Last year, I began the process of writing a
static site generator to replace Hugo for my personal website. One
major goal of this process was to remove all Javascript
[1]. This meant that I could not continue
to use MathJax for rendering mathematics, and instead had to
devise a way of formatting equations statically. I had the
beginnings of an idea to use eqn(1) for this, and published a YouTube
video going over a first pass at a script for doing just
that. The basic idea was to embed eqn
code into the page and use a script to replace that code with
a rendered SVG file during site generation.
Since then, I have completed a functioning version of my
generator, which is what was used to create the page you are
reading right now. However, the technique that I'm using to render
equations is actually a bit different than the one discussed in
that video. Rather than using SVGs, I'm instead using a feature
of eqn that I happened to stumble across
reading its man page: MathML generation. In this article, I'm
going to discuss why I ultimately went this route, how it all
works, and some annoying quirks I've discovered along the way.
A Quick Summary of the Options
We'll begin with a brief summary of the options that are available for typesetting equations on the web. Broadly speaking, there are two standard approaches for this: MathML and images. Commonly used JavaScript libraries like MathJax convert the equation from a language like LaTex into one of these two options, based on the capabilities of the web browser being used. So, in principle, I should be able to pick one of them and do the conversion myself during HTML generation.

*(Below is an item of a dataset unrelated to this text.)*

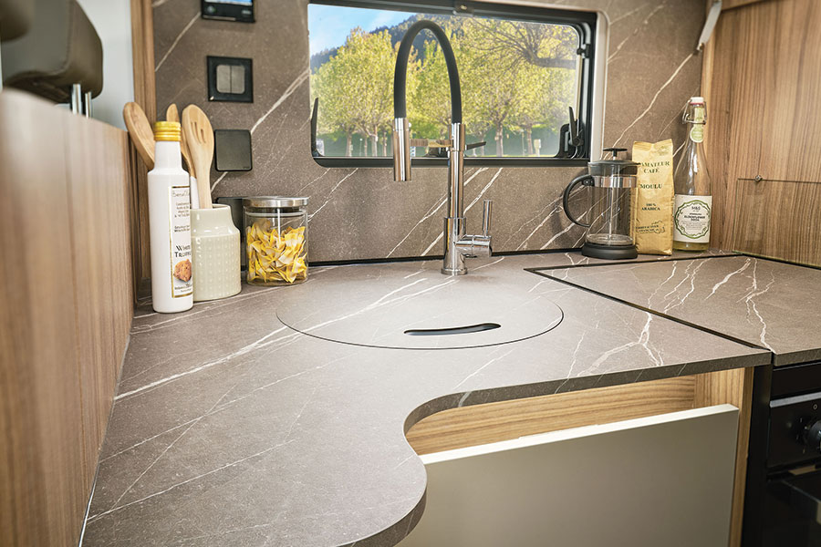 - Fully equipped kitchen with Thetford 137L absorption tower fridge
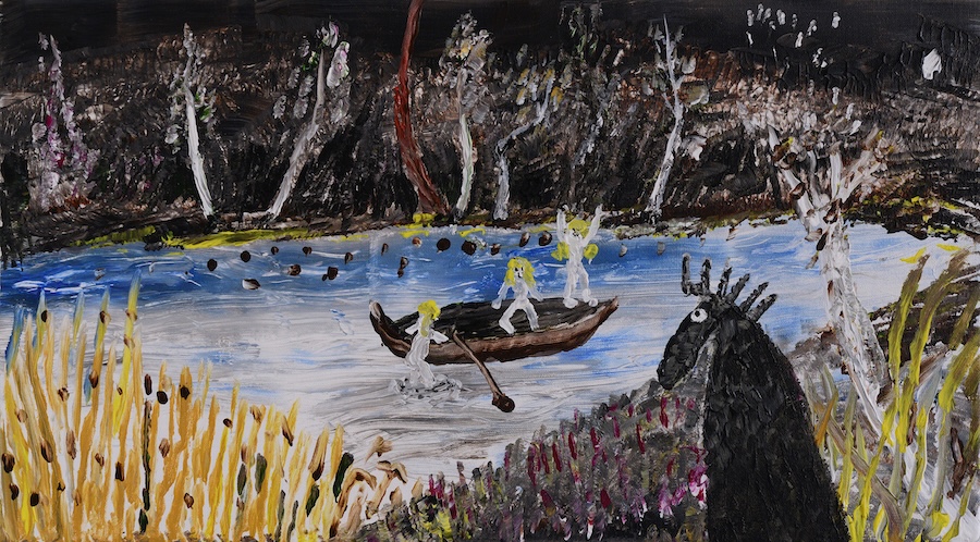 Carl Johan De Geer, Drakflygaren- fritt efter Sven X:et Erixson, akryl på duk, 32 x 45 cm

MathML is, in many ways, the most "correct" option. It's
an XML-based language for expressing equations that can be
embedded directly into an HTML page and be rendered by the
web browser itself. However, it has historically been poorly
supported and standardized. While MathML Core is
pretty well supported in mainstream web browsers at this point,
using it would prevent my equations from rendering properly
in oddball ones like netsurf or mothra.
A desire to have my site work well in odd browsers led me to
to instead look into the second option: images. I could, using
a couple of commands, render my equation into a picture and drop
it into the HTML of my page. This would mean that basically any
browser would work just fine--in the worst case, even terminal
browsers could let the user download the picture to look at
it if need be. So, this was the route that I initially decided
to go. I wrote a simple script that would render embedded eqn equations into an SVG image file, and
then replace the code with an image tag in the generated HTML.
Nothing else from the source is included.